Work item
Give the listing again exactly, omitting its images.

The data
---
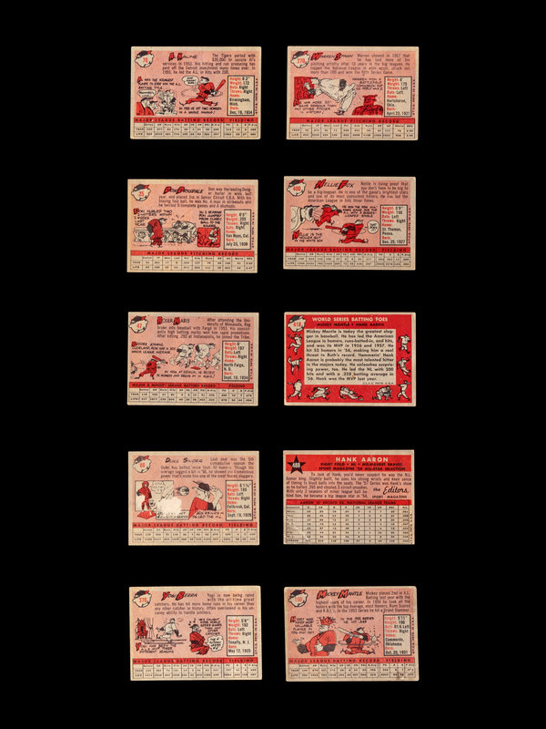 comprising of Alex Kellner (No. 3), Eddie Kasko (No. 8), Jim Rivera (No. 11), George Crowe (No. 12), Jim Lemon (No. 15), Charley Neal (No. 16), Frank Sullivan (No. 18), 1957 Giants (No. 19), Gil McDougald (No. 20), Bill Tuttle (No. 23), Hobie Landrith (No. 24), Don Drysdale (No. 25), Ron Jackson (No. 26), Tex Clevenger (No. 31), Bob Thurman (No. 34), Mike McCormick (No. 37), Dick Gernert (No. 38), Bob Martyn (No. 39), George Kell (No. 40), Dave Hillman (No. 41), Sal Maglie (No. 43), Washington Senators (No. 44), Roger Maris (No. 47), Chico Carrasquel (No. 55), Bill Fischer (No. 56), Art Schult (No. 58), Del Ennis (No. 60), Joe DeMaestri (No. 62), Joe Nuxhall (No. 63), Joe Ginsberg (No. 67), Daryl Spencer (No. 68), Wally Burnette (No. 69), Al Kaline (No. 70), Bud Byerly (No. 72), Pete Daley (No. 73), Don Zimmer (No. 77), Dick Drott (No. 80), Billy O'Dell (No. 84), Valmy Thomas (No. 86), Johnny Kucks (No. 87), Duke Snider (No. 88), Billy Klaus (No. 89), Chuck Tanner (No. 91), Clint Courtney (No. 92), Sandy Amoros (No. 93), Bob Skinner (No. 94), Joe Durham (No. 96), Larry Jackson (No. 97), Bobby Adams (No. 99), Early Wynn (No. 100), Bobby Richardson (No. 101), Dick Schofield (No. 106), Ossie Virgil (No. 107), Jim Landis (No. 108), Herb Plews (No. 109), Earl Torgeson (No. 138), Bobby Morgan (No. 144), Mickey Mantle (No. 150), Cleveland Indians (No. 158), Bob Larsen (No. 161), Al Smith (No. 177), Dave Jolly (No. 183), Jim Bolger (No. 201), Solly Hemus (No. 207), Jerry Kindall (No. 221), Duke Maas (No. 228), Lloyd Merritt (No. 231), Tom Gorman (No. 235), Moose Skowron (No. 240), Dick Littlefield (No. 241), Don Demeter (No. 244), Ray Moore (No. 249), Don Mueller (No. 253), Chicago White Sox (No. 256), Al Pilarcik (No. 259), Frank Malzone (No. 260), Johnny Groth (No. 262), Eddie Bressoud (No. 263), Warren Spahn (No. 270), Rocky Bridges (No. 274), Elston Howard (No. 275), Mack Burk (No. 278), Sam Taylor (No. 281), Harmon Killebrew (No. 288), Randy Jackson (No. 301), Ernie Banks (No. 310), Boston Red Sox (No. 312), Whitey Ford (No. 320), Ike Delock (No. 328), Bob Cerv (No. 329), Pedro Ramos (No. 331), Ruben Gomez (No. 335), Bert Hamric (No. 336), Walt Dropo (No. 338), Stan Lopata (No. 353), Bob Malkmus (No. 356), Roy McMillan (No. 360), Mike Fornieles (No. 361), Earl Battey (No. 364), Ralph Lumenti (No. 369), Yogi Berra (No. 370), Marty Keough (No. 371), Charley Rabe (No. 376), Hank Sauer (No. 378), John Goryl (No. 384), Wilmer Mizell (No. 385), Birdie's Young Sluggers (No. 386), Wally Post (No. 387), Nellie Fox (No. 400), Bobby Gene Smith (No. 402), Curt Simmons (No. 404), Ken Aspromonte (No. 405), Vic Power (No. 406), Baltimore Orioles (No. 408), Tony Taylor (No. 411), Jim Davenport (No. 413), Foster Castleman (No. 416), World Series Batting Foes Mickey Mantle and Hank Aaron (No. 418), Vada Pinson (No. 420), Dixie Howell (No. 421), Gus Triandos (No. 429), Bobby Thomson (No. 430), Pancho Herrera (No. 433), Whitey Herzog (No. 438), Ray Monzant (No. 447), Gene Fodge (No. 449), Hal Griggs (No. 455), Bob Schmidt (No. 468), Don Ferrarese (No. 469), All-Star Managers Casey Stengel, Fred Haney (No. 475), Frank Malzone All-Star (No. 481), Hank Aaron All-Star (No. 488) and Bob Turley (No. 493).
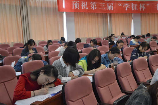 “学涯杯”书法大赛是我校规模最大、水平最高的书法盛事,今年已是第三届,在全校师生中的影响力也日益扩大。本届大赛以读书节和大学生文明修身主题为契机,旨在提升校园文化底蕴,弘扬优秀传统文化。
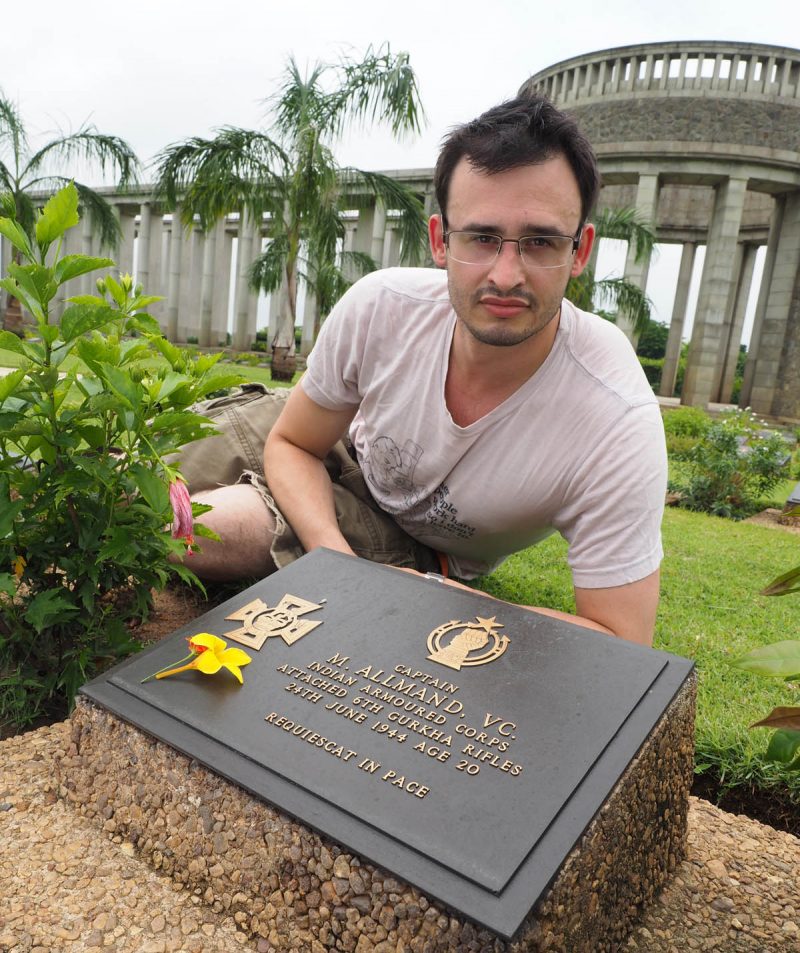 Another couple from England in their thirties were in fact on their honeymoon to Myanmar but through two totally separate connections they were drawn to making a special visit to the cemetery. James and Sarah Madden had managed to track down a grave of a former school pupil who once also attended James’s school and who was awarded a VC for his bravery in June 1944 in Burma at the battle of Pin Hmi Road Bridge. Captain Allmand at one stage and with the utmost gallantry charged on by alone throwing grenades into the enemy gun positions and killing three Japanese himself with his kukrie.
---
Problem solution
 comprising of Alex Kellner (No. 3), Eddie Kasko (No. 8), Jim Rivera (No. 11), George Crowe (No. 12), Jim Lemon (No. 15), Charley Neal (No. 16), Frank Sullivan (No. 18), 1957 Giants (No. 19), Gil McDougald (No. 20), Bill Tuttle (No. 23), Hobie Landrith (No. 24), Don Drysdale (No. 25), Ron Jackson (No. 26), Tex Clevenger (No. 31), Bob Thurman (No. 34), Mike McCormick (No. 37), Dick Gernert (No. 38), Bob Martyn (No. 39), George Kell (No. 40), Dave Hillman (No. 41), Sal Maglie (No. 43), Washington Senators (No. 44), Roger Maris (No. 47), Chico Carrasquel (No. 55), Bill Fischer (No. 56), Art Schult (No. 58), Del Ennis (No. 60), Joe DeMaestri (No. 62), Joe Nuxhall (No. 63), Joe Ginsberg (No. 67), Daryl Spencer (No. 68), Wally Burnette (No. 69), Al Kaline (No. 70), Bud Byerly (No. 72), Pete Daley (No. 73), Don Zimmer (No. 77), Dick Drott (No. 80), Billy O'Dell (No. 84), Valmy Thomas (No. 86), Johnny Kucks (No. 87), Duke Snider (No. 88), Billy Klaus (No. 89), Chuck Tanner (No. 91), Clint Courtney (No. 92), Sandy Amoros (No. 93), Bob Skinner (No. 94), Joe Durham (No. 96), Larry Jackson (No. 97), Bobby Adams (No. 99), Early Wynn (No. 100), Bobby Richardson (No. 101), Dick Schofield (No. 106), Ossie Virgil (No. 107), Jim Landis (No. 108), Herb Plews (No. 109), Earl Torgeson (No. 138), Bobby Morgan (No. 144), Mickey Mantle (No. 150), Cleveland Indians (No. 158), Bob Larsen (No. 161), Al Smith (No. 177), Dave Jolly (No. 183), Jim Bolger (No. 201), Solly Hemus (No. 207), Jerry Kindall (No. 221), Duke Maas (No. 228), Lloyd Merritt (No. 231), Tom Gorman (No. 235), Moose Skowron (No. 240), Dick Littlefield (No. 241), Don Demeter (No. 244), Ray Moore (No. 249), Don Mueller (No. 253), Chicago White Sox (No. 256), Al Pilarcik (No. 259), Frank Malzone (No. 260), Johnny Groth (No. 262), Eddie Bressoud (No. 263), Warren Spahn (No. 270), Rocky Bridges (No. 274), Elston Howard (No. 275), Mack Burk (No. 278), Sam Taylor (No. 281), Harmon Killebrew (No. 288), Randy Jackson (No. 301), Ernie Banks (No. 310), Boston Red Sox (No. 312), Whitey Ford (No. 320), Ike Delock (No. 328), Bob Cerv (No. 329), Pedro Ramos (No. 331), Ruben Gomez (No. 335), Bert Hamric (No. 336), Walt Dropo (No. 338), Stan Lopata (No. 353), Bob Malkmus (No. 356), Roy McMillan (No. 360), Mike Fornieles (No. 361), Earl Battey (No. 364), Ralph Lumenti (No. 369), Yogi Berra (No. 370), Marty Keough (No. 371), Charley Rabe (No. 376), Hank Sauer (No. 378), John Goryl (No. 384), Wilmer Mizell (No. 385), Birdie's Young Sluggers (No. 386), Wally Post (No. 387), Nellie Fox (No. 400), Bobby Gene Smith (No. 402), Curt Simmons (No. 404), Ken Aspromonte (No. 405), Vic Power (No. 406), Baltimore Orioles (No. 408), Tony Taylor (No. 411), Jim Davenport (No. 413), Foster Castleman (No. 416), World Series Batting Foes Mickey Mantle and Hank Aaron (No. 418), Vada Pinson (No. 420), Dixie Howell (No. 421), Gus Triandos (No. 429), Bobby Thomson (No. 430), Pancho Herrera (No. 433), Whitey Herzog (No. 438), Ray Monzant (No. 447), Gene Fodge (No. 449), Hal Griggs (No. 455), Bob Schmidt (No. 468), Don Ferrarese (No. 469), All-Star Managers Casey Stengel, Fred Haney (No. 475), Frank Malzone All-Star (No. 481), Hank Aaron All-Star (No. 488) and Bob Turley (No. 493).
 “学涯杯”书法大赛是我校规模最大、水平最高的书法盛事,今年已是第三届,在全校师生中的影响力也日益扩大。本届大赛以读书节和大学生文明修身主题为契机,旨在提升校园文化底蕴,弘扬优秀传统文化。
 Another couple from England in their thirties were in fact on their honeymoon to Myanmar but through two totally separate connections they were drawn to making a special visit to the cemetery. James and Sarah Madden had managed to track down a grave of a former school pupil who once also attended James’s school and who was awarded a VC for his bravery in June 1944 in Burma at the battle of Pin Hmi Road Bridge. Captain Allmand at one stage and with the utmost gallantry charged on by alone throwing grenades into the enemy gun positions and killing three Japanese himself with his kukrie.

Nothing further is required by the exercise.